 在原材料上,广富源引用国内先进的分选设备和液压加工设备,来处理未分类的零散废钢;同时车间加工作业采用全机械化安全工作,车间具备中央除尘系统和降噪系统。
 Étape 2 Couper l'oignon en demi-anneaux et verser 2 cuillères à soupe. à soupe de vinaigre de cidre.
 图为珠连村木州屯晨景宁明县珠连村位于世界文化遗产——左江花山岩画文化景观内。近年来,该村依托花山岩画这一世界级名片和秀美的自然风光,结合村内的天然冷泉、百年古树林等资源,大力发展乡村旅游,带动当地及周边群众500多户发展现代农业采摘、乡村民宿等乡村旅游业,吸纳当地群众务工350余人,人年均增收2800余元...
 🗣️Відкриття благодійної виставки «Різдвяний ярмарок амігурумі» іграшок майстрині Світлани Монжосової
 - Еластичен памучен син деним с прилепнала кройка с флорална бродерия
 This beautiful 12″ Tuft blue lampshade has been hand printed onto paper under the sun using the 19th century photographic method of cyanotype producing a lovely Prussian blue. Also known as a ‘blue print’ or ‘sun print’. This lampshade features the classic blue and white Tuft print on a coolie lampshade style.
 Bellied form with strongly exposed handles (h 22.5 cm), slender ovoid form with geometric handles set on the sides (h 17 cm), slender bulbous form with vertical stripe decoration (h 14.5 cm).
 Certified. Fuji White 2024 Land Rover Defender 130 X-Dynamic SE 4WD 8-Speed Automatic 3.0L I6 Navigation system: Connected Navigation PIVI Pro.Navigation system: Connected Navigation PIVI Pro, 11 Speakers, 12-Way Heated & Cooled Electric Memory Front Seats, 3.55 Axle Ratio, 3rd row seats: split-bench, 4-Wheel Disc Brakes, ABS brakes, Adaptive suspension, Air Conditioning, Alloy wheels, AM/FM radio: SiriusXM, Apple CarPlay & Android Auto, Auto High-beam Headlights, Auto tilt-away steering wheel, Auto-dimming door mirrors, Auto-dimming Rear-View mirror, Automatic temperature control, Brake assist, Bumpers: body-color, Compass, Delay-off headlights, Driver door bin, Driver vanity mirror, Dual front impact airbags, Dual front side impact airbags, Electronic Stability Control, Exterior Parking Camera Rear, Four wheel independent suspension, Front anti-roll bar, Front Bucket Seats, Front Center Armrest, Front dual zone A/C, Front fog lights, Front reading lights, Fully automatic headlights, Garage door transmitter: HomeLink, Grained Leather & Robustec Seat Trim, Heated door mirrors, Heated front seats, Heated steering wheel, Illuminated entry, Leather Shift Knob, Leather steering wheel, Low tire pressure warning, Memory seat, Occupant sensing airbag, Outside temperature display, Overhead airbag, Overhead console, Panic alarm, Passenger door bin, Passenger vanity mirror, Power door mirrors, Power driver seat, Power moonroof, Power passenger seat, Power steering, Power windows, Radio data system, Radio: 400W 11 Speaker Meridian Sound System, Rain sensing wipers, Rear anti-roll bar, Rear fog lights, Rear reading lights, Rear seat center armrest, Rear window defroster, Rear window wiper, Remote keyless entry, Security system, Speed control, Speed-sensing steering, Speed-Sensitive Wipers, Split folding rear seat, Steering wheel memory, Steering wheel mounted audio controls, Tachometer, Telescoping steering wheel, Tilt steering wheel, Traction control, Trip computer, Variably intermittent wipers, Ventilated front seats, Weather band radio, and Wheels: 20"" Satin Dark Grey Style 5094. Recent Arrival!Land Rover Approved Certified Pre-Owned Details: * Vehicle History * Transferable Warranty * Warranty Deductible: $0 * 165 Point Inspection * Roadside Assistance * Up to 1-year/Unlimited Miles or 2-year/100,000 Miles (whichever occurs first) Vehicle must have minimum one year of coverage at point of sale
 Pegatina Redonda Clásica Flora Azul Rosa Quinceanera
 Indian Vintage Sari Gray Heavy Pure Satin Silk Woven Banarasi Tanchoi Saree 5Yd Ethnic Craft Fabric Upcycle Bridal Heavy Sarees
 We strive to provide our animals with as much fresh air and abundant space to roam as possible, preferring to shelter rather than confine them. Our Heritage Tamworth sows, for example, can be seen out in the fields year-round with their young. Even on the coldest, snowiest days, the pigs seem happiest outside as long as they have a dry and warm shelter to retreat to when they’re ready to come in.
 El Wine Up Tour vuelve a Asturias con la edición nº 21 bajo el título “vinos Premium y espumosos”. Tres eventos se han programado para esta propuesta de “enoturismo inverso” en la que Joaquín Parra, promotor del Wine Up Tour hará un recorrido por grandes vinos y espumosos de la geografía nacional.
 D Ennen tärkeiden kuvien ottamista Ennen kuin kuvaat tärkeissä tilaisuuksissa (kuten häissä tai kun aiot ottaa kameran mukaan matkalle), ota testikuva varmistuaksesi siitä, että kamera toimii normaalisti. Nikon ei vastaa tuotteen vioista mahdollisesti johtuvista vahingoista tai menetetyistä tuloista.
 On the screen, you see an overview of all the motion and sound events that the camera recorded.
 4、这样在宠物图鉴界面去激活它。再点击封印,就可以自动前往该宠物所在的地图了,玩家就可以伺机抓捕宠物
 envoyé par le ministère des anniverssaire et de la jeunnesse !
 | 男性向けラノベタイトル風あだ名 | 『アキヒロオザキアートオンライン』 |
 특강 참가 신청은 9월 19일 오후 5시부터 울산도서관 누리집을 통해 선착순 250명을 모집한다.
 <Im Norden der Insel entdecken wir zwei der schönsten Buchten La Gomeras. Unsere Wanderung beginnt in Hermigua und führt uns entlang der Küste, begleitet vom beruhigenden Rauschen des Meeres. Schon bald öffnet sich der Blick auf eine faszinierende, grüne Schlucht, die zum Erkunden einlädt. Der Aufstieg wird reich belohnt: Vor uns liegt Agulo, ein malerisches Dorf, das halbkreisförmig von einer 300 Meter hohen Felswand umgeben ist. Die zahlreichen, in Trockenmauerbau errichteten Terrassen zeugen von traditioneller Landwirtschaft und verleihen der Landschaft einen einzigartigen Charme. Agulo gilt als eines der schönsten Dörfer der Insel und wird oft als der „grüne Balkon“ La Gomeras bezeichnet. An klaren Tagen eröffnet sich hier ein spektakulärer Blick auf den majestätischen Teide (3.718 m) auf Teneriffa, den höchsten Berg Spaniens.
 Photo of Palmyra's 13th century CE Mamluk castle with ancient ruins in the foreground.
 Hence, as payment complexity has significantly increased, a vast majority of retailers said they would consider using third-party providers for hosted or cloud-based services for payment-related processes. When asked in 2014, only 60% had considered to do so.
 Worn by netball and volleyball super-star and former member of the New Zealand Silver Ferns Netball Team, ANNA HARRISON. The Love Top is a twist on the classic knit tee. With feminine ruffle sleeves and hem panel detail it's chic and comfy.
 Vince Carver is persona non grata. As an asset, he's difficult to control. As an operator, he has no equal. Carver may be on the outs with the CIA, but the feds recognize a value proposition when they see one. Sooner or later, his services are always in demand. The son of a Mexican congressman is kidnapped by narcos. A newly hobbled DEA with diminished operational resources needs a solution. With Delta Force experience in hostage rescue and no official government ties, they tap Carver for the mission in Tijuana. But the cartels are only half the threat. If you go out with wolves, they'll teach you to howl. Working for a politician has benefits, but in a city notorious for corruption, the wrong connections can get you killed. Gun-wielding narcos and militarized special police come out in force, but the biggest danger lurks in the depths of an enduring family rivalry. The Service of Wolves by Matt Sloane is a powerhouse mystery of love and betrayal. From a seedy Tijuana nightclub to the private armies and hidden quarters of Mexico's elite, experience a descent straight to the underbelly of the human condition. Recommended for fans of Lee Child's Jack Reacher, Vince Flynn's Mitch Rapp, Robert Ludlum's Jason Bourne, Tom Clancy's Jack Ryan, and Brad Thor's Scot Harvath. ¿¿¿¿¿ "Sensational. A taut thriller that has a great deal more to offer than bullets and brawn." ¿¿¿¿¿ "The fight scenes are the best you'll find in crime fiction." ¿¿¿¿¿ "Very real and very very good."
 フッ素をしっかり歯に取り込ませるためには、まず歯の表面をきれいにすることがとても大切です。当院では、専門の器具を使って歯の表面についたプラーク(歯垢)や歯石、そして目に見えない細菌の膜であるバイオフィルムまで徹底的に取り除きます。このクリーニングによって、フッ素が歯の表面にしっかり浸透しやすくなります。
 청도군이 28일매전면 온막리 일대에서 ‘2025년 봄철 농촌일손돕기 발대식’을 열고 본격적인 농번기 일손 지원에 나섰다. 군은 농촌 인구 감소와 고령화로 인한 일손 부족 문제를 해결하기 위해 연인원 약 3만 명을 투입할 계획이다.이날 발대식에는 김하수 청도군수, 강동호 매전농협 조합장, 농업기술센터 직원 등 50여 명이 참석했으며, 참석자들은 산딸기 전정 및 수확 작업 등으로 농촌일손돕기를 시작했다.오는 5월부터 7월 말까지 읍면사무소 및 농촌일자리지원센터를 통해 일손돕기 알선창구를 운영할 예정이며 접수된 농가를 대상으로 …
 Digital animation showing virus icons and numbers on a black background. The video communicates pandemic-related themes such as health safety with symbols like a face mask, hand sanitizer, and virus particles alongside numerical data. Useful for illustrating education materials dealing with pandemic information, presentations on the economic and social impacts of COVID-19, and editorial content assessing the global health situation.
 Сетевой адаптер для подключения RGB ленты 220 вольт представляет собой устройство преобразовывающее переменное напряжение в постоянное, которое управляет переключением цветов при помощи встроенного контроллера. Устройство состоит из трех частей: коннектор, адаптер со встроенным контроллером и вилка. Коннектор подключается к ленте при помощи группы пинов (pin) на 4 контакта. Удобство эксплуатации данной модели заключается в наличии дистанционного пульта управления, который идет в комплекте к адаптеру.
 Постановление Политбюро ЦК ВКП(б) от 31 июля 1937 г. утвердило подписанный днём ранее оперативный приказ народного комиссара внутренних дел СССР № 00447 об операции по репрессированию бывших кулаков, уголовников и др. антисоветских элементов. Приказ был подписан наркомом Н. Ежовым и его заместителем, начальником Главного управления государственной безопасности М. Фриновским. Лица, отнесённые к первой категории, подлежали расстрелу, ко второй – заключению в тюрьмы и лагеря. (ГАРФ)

ABOUT THIS EXERCISE: Locate the word "related" in the records above, and return each line that has it.

ANSWER SPACE:
 Hence, as payment complexity has significantly increased, a vast majority of retailers said they would consider using third-party providers for hosted or cloud-based services for payment-related processes. When asked in 2014, only 60% had considered to do so.
 Digital animation showing virus icons and numbers on a black background. The video communicates pandemic-related themes such as health safety with symbols like a face mask, hand sanitizer, and virus particles alongside numerical data. Useful for illustrating education materials dealing with pandemic information, presentations on the economic and social impacts of COVID-19, and editorial content assessing the global health situation.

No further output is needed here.